Mozilla uses self-signed SSL certificates for a number of testing, pre-production and stage sites.
If you access a website that uses a SSL certificate signed by Mozilla, you might get an SSL warning.
This document tells you how you can manually import the Mozilla Root Certificate in your browser so that you don't get these warnings anymore.
= Mozilla Root Certificate =
* Certificate: https://www.mozilla.com/certs/mozilla-root.crt
* MD5 Checksum: https://www.mozilla.com/certs/mozilla-root.crt.md5sum
* SHA1/MD5 Fingerprints:
<pre>
SHA1 Fingerprint: B7:E6:8B:CC:DB:1A:12:26:82:B5:A2:93:F5:D3:0F:A6:44:64:85:D6
MD5 Fingerprint: 7F:1F:90:5A:5F:1F:4E:95:F8:33:AB:10:69:51:ED:BE
</pre>
= Mozilla Firefox =
Firefox uses it's own Certificate Manager. So even if your Windows (and other Microsoft) applications already use a root certificate Firefox still might not. The following procedure tells you how to import the Mozilla Root Certificate into your Firefox webbrowser.
# Go to the Mozilla Root Certificate website: https://www.mozilla.com/certs/mozilla-root.crt
# Click on 'Root Certificate (PEM Format)'
# You'll get:
<pre>
You have been asked to trust a new Certificate Authority (CA).
Do you want to trust "Mozilla Root CA" for the following purposes?
[ ] Trust this CA to identify web sites.
[ ] Trust this CA to identify email users.
[ ] Trust this CA to identify software developers.
Before trusting this CA for any purpose, you should examine its certificate
and its policy and procedures (if available).
[VIEW] Examine CA certificate
</pre>
You should click on VIEW to check the certificate. Most important is that you check the fingerprints of the certificate. They should match the fingerprints above.
# Close the Certificate Viewer and tick at least the first box ('Trust this CA to identify web sites.').
# Press OK and that's it.
If you want to check, modify, or delete the Mozilla Root Certificate you can access it at any time via:
# Open Edit -> Preferences -> Advanced or Open Tools -> Options -> Advanced
# Certificates -> Manage Certificates
# Authorities
# The Mozilla certificate is called Mozilla Root CA (Scroll down to 'R'!)
# Here you can View, Edit and Delete it.
= Apple Safari =
To add the Mozilla Root Certificate to Apple Safari, we need to use the Keychain Access application which is shipped with Mac OS X.
To install the certificate system-wide, you need to follow these steps:
# Go to the Mozilla Root Certificate website: https://www.mozilla.com/certs/mozilla-root.crt
# Click on 'Root Certificate (PEM Format)'. It will be downloaded to your desktop (or where ever you have selected).
# Double-click on the 'mozilla-root.crt' file. The Keychain Access application will be launched.
# To check the certificate, click on the 'View Certificates' button on the left side of the dialog. A dialog with information about the certificate will pop up. Make sure the SHA1/MD5 fingerprints match.
# Select 'X509Anchors' from the 'Keychain' dropdownlist and press 'OK'.
# You will be asked to authenticate yourself.

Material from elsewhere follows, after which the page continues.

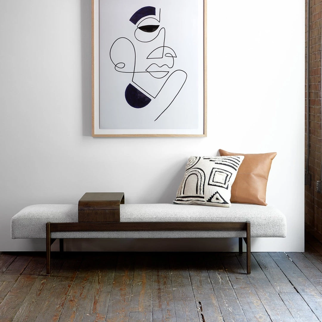 A uniquely modern statement piece inspired by the functional mid-century-style telephone bench, textural white-grey seating features a sliding tray of solid beechwood – the perfect place for a favorite book or cocktail. Great in the entryway or living room.
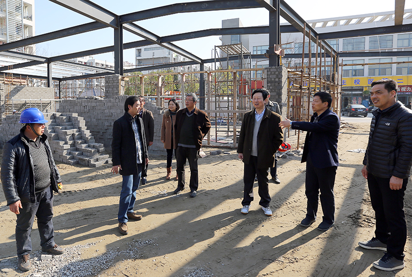 3月15日上午,校党委书记成长春来到主校区在建的校园服务中心、青年教师周转公寓工地现场检查指导工作。副校长樊小东陪同检查指导。

After that, the certificate will be installed system-wide.
= Opera Web Browswer =
This applies to 8.02 Linux, not sure about 6.x or 7.x
# Go to the Mozilla Root Certificate website: https://www.mozilla.com/certs/mozilla-root.crt
# Click on 'Root Certificate (PEM Format)'
# Choose 'View'
# Check 'Allow connections to sites using this certificate'
# If desired, uncheck 'Warn me before using this certificate'
There seems to be an occasional problem getting the certification to pass on Opera 8.5 in Windows. Here is the workaround:
# Make sure cache is cleared.
# Attempt to get cert. via Opera ID'ing.
# Attempt to get while ID'ing as IE 6.0 (in Opera).
# Attempt to get while ID'ing as Opera again. This time, cert. should pass through.
It seems there is something about the caching where it wants both IE and Opera set at the same time before it will let the Opera cert. go through. Odd, but it works.
= Microsoft Internet Explorer =
You have two possibilities using Microsoft Internet Explorer (IE6, IE7.) One is to automatically install it using ActiveX and one is to manually import it.
== Installation using ActiveX (for a single user) ==
# Go to the Mozilla Root Certificate website: https://www.mozilla.com/certs/mozilla-root.crt
# Click on 'Click here if you want to import the root certificate into Microsoft Internet Explorer'.
# Verify SHA1/MD5 fingerprints.
# Click on YES .
''Note: This procedure only adds the Mozilla Root Certificate to the current user! If you have multiple user accounts have a look at the next section.''
== Manual Installation (for a single user) ==
If you want to install the Mozilla Root Certificate manually into Internet Explorer do the following:
# Go to the CAcert Root Certificate website: https://www.mozilla.com/certs/mozilla-root.crt
# Download the 'Root Certificate' (choose either DER or PEM Format - it doesn't matter)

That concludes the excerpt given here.